Roasted Beetroot Hummus

Happy New Year Hummus!

Surprisingly, my most popular (or most visited) post of 2012 was this traditional hummus recipe. I don’t know why but if you search for Hummus or Hummus recipe in Google it’s right up there on the first page. Consequently I get loads of traffic from search engines. I should really learn how this all works. Maybe that should be my New Year’s resolution.

Baby Beetroot

The trouble is I’m too busy doing what I enjoy doing, which is cooking, to want to spend more time on the computer. So it’s probably not going to happen, but you never know. If someone had told me at the start of 2012 that by the end of the year I would be teaching Vegetarian Cookery Workshops at a cookery school in Spanish I would laughed in their face.

Roasting Beetroot

Speaking of which, this beautifully sweet, deliciously deep magenta coloured dip, is one of the dishes from the Middle Eastern inspired Christmas party menu workshop that I hosted in December. It formed part of a festive jewel coloured mezze that we all devoured with a glass of pink cava after everything was prepared. I will be sharing more of those recipes with you over the next few weeks.

Roasted Beet Hummus

I bought some little organic baby beets from the market which roasted in about 30-35 minutes but if you can only get larger ones, cut them in half or quarters and roast until they are tender all the way through. This could take up to an hour depending on their size. Use gloves when you rub the skins off, if you don’t want fuchsia fingers.

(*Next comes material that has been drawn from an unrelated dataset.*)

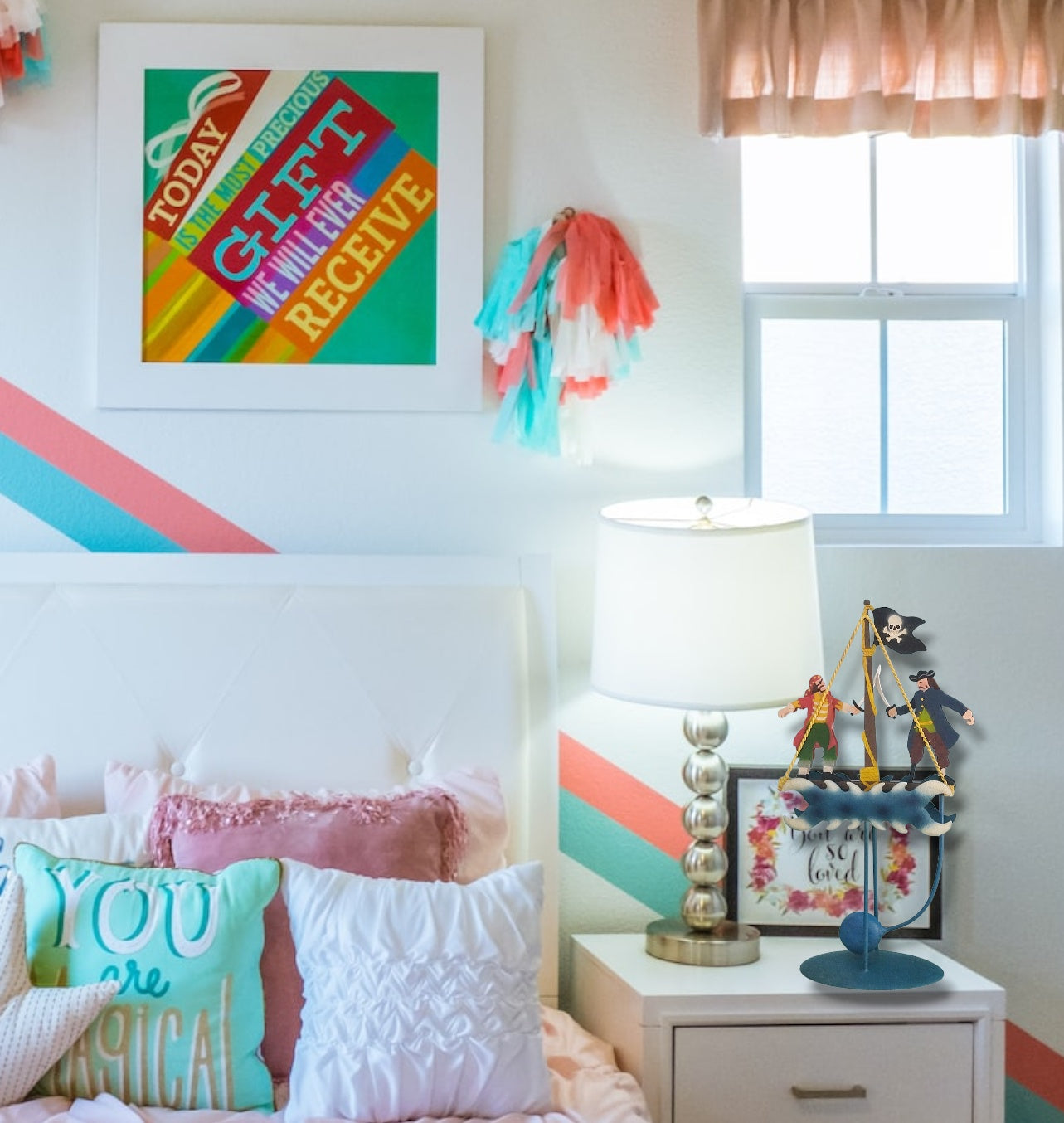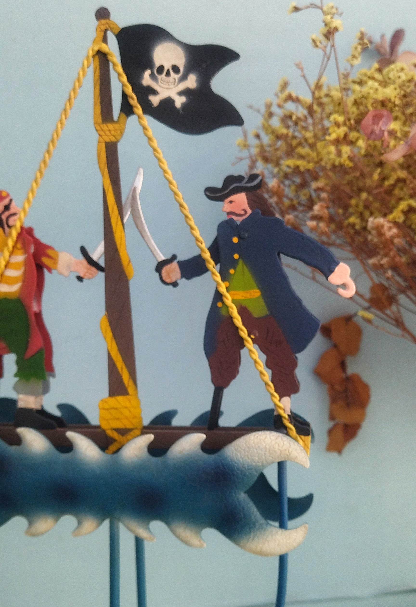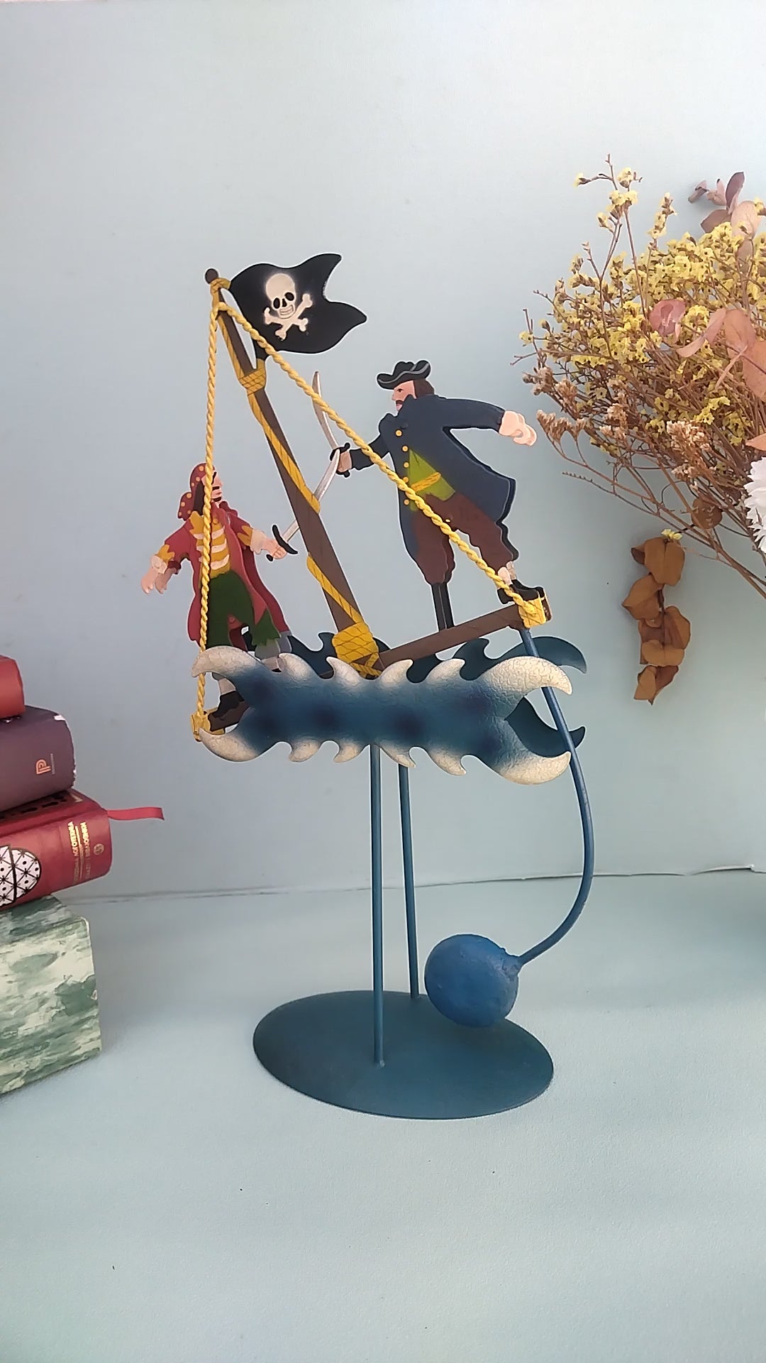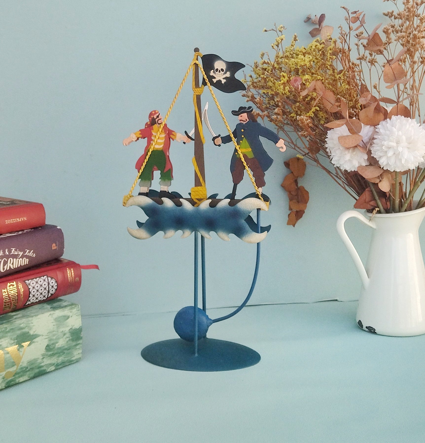 Μοναδικό εκκρεμές πειρατές σε υπέροχο μπλε χρώμα! Ένα ρετρό παιχνίδι, ρέπλικα παρόμοιων παιχνιδιών από τη δεκαετία του 50. Φτιαγμένο από μέταλλο και βαμμένο εξολοκλήρου στο χέρι. Μια ξιφομαχία του Κάπτεν Χούκ, ιδανικό διακοσμητικό για τους λάτρεις του Πήτερ Παν και της Χώρας του Ποτέ!

Roasted Beetroot Hummus Recipe

Serves 6-8 as a dip. Vegan, Gluten-Free

  • about 600 g beetroot
  • olive oil
  • salt & black pepper
  • thyme

Trim off the leaves, leaving about 2 inches of stalk attached and leave the root on. Cut into halves or quarters if large. Preheat the oven to 200 C and line a baking tray with baking paper. Lay the beets on the tray, drizzle with olive oil, season with salt & black pepper and some fresh or dried thyme leaves. Roast until tender all the way through. 30 mins to an hour depending on size. Leave to cool then cut off the stalks and roots and rub the skins off with kitchen paper.

  • 400 g cooked chickpeas (1 tin/jar) drained & rinsed
  • 4 Tbsp olive oil
  • 3 Tbsp tahini
  • 2 Tbsp fresh lemon juice
  • 2 small cloves garlic, chopped
  • 2 tsp ground cumin
  • salt & black pepper
  • sesame seeds & fresh dill for garnish (optional)

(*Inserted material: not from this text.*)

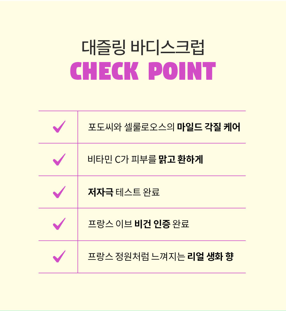 For a brightening effect, the scrub contains smooth grape seed powder that exfoliates rough skin, while moisturizing cellulose works to instantly brighten dull, tired skin. Clinically proven to enhance skin tone, uniformity, and keratinization, this tone-up scrub is gentle enough for those with sensitive skin. The bubbly gommage texture provides pain-free exfoliation with no irritation. Developed with a French global perfumer, it offers a luxurious, fresh floral fragrance that feels light yet sophisticated. It has also passed low skin irritation tests, ensuring it’s safe for all skin types.

Roughly chop the beetroot and put half of it along with half of the chickpeas in a food processor and blend until finely chopped, scraping down the sides as necessary. Add the rest of the beetroot (saving some finely chopped for garnish) and the rest of the chickpeas and blend again to a paste, scraping down the sides.

Add the olive oil, tahini, lemon juice, cumin, salt & black pepper and blend to a smooth paste. Taste and adjust seasoning as required. Serve topped with some finely chopped beetroot, sesame seeds, a drizzle of olive oil and a sprig of fresh dill, if using.

Beetroot Hummus

Toasted Flatbread Crackers Recipe

vegan

  • lavash flatbread or soft flour tortillas
  • olive oil
  • salt & pepper
  • cumin
  • sumac (if available)

Preheat the oven to 125 C. Brush your lavash or tortillas with olive oil, sprinkle over some cumin, sumac (if using), salt & black pepper.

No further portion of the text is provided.